The surprise: background code that isn’t always running

If you have not shipped an MV3 extension before, the most surprising thing about the platform is that your background code is not always running. It used to be. The older “persistent background page” in MV2 kept a full document alive for the lifetime of the browser. MV3 replaced that with a service worker, and service workers are ephemeral by design.

That single change reshapes how you write code. Global variables do not persist. In memory caches are meaningless across wakes. Listeners that you add inside a setTimeout or after an await are invisible to Chrome. Everything that happens in the Pullwatch background exists to work around, or to take advantage of, these constraints.

The MV3 constraint in one picture

The sequence below is one full life of the worker: torn down, woken by an alarm, initialised from scratch, and torn down again. Read it top to bottom as a single wake cycle. The two moments that define the whole pattern are the par block, where listeners are registered synchronously before any await, and the await initPromise line, where the handler that woke the worker waits for setup to finish before it touches GitHub.
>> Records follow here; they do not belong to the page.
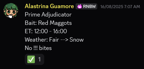 Fishers gather on a Discord server called Fisherman’s Horizon, or, more simply, Fishcord. There is a spreadsheet for each new fish, with a table of all the possible weather conditions and baits usable at that spot. People who are willing to help will sign up to be testers, meaning we’re happy to be notified whenever there’s an important testing window coming up. Initially, we’ll be notified by the spreadsheet chief when any rare weather windows will be up soon. Once we’ve narrowed down the conditions for a fish (because someone got a bite or catch), the notifications end up being for all viable windows. We’ll fish in a window till someone catches it or we’ve fished enough to be able to confidently rule it out.
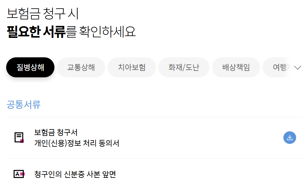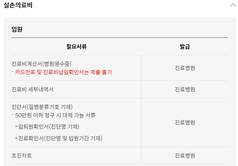 | 필수 서류 | 보험금 청구서, 개인정보 동의서, 신분증/통장 사본, 진료비 영수증, 진단서 등 |
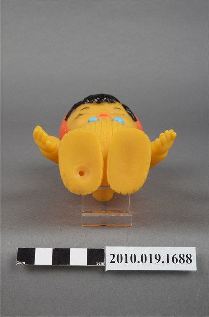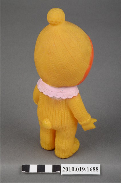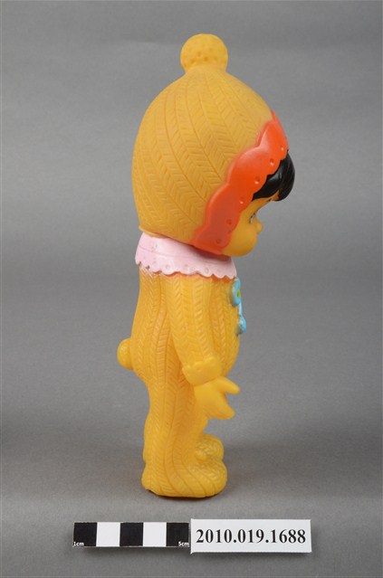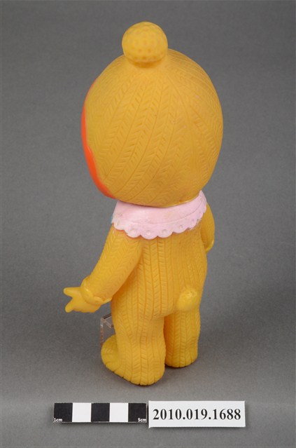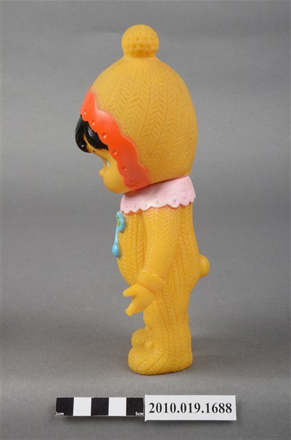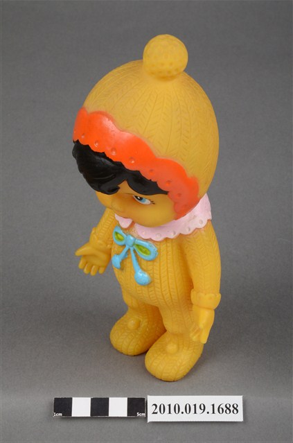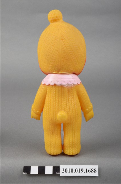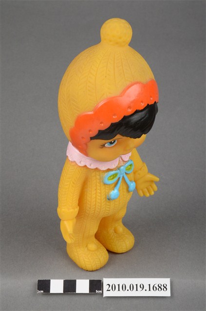 本物件為黃衣小孩玩偶,為塑膠材質一體成型,小孩頭戴黃色帽子,帽子頂端有一個圓形毛球為造型,帽緣並有橘色滾邊,露出黑色瀏海,細眉大眼,雙頰圓潤,身著黃色連身衣褲,並圍有粉色圍兜並繫有一條藍色系蝴蝶結,以站姿呈現,整個物件保存尚可,造型簡單。

Everything else on the page is detail hung off those two beats.

sequenceDiagram
    autonumber
    participant Chrome
    participant SW as Service worker<br/>(background.js)
    participant Storage as chrome.storage.local
    participant GH as github.com

    Note over SW: Worker is torn down<br/>(idle for ~30s)
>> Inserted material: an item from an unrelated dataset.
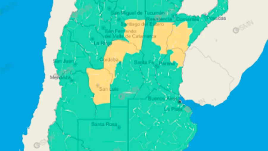 Para este domingo, el Servicio Meteorológico Nacional (SMN) comunicó que hay una alerta amarilla vigente por tormentas para una zona de Entre Ríos. Afectará a los Departamentos de Concordia, Feliciano, Federal, San Salvador y Federación.

    Chrome->>SW: Alarm fires → wake worker
    activate SW
    Note over SW: main.ts executes<br/>from scratch
    SW->>SW: new ServiceContainer()<br/>new BackgroundManager()
    SW->>SW: initPromise = manager.initialize()
    par Synchronous listener registration
        SW->>Chrome: register onAlarm
        SW->>Chrome: register onMessage
        SW->>Chrome: register onNotificationClick
        SW->>Chrome: register onInstalled / onStartup
    end
    Chrome-->>SW: onAlarm fires (the one that woke us)
    SW->>SW: await initPromise
    Note over SW: PermissionService.checkAllPermissions()<br/>AlarmService.setupFetchAlarm()<br/>PRService.syncBadgeFromStorage()
    SW->>GH: fetch pulls HTML
    GH-->>SW: HTML response
    SW->>Storage: write PR lists
    SW-->>Chrome: handler promise resolves
    deactivate SW
    Note over SW: Worker idles, then Chrome<br/>tears it down again

Two details are easy to miss. First, main.ts literally runs top to bottom on every wake; there is no “already initialised” flag that Chrome remembers between wakes. Second, the listener registration has to happen before the first await. Chrome only keeps the listeners it saw synchronously when the worker started up.

The initialization gate

The pattern that holds this all together lives in extension/background/main.ts. The file comments already explain the intent; here is the shape, annotated.
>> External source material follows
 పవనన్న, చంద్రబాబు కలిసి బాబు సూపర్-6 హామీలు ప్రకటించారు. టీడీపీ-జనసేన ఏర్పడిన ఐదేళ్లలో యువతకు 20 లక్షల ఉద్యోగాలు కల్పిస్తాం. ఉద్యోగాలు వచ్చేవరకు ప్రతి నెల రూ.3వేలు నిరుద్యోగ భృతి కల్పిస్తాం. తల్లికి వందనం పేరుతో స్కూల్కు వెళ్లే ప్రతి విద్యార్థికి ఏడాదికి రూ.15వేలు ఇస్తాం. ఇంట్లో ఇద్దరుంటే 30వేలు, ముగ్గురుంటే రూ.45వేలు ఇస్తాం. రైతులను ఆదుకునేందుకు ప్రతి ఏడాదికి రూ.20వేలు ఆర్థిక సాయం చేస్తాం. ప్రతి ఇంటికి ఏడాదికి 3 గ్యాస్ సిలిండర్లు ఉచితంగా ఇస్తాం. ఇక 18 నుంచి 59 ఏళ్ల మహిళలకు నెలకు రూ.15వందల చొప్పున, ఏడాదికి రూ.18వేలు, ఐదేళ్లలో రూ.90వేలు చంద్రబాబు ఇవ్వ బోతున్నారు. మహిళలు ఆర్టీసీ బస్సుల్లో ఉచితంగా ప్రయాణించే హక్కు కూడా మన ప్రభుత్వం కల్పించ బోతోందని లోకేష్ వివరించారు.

const serviceContainer = new ServiceContainer();
const backgroundManager = new BackgroundManager(serviceContainer);

// 1. Start init eagerly. Store the promise.
const initPromise: Promise<void> = backgroundManager.initialize().catch((error) => {
  console.error('[Main] Failed to initialize background script:', error);
});

// 2. Register every listener SYNCHRONOUSLY. No awaits before this.
chrome.runtime.onInstalled.addListener(async (details) => {
  await initPromise; // 3. Wait for init INSIDE the handler.
  await getEventService().handleInstallation(details);
});

chrome.alarms.onAlarm.addListener(async (alarm) => {
  await initPromise;
  await getEventService().handleAlarm(alarm);
});

chrome.runtime.onMessage.addListener((message, sender, sendResponse) => {
  initPromise.then(() => {
    getEventService().handleMessage(message, sender, sendResponse);
  });
  return true; // 4. Keep sendResponse channel open.
});

Three invariants come out of this:

Init starts immediately, before any listener fires. The returned promise is the join point.
Listeners are registered synchronously. If you added an await before addListener, Chrome would drop the registration and never deliver the event.
Every listener body awaits initPromise first. This guarantees that by the time the handler starts doing real work, the service container is built and performInitialSetup has run.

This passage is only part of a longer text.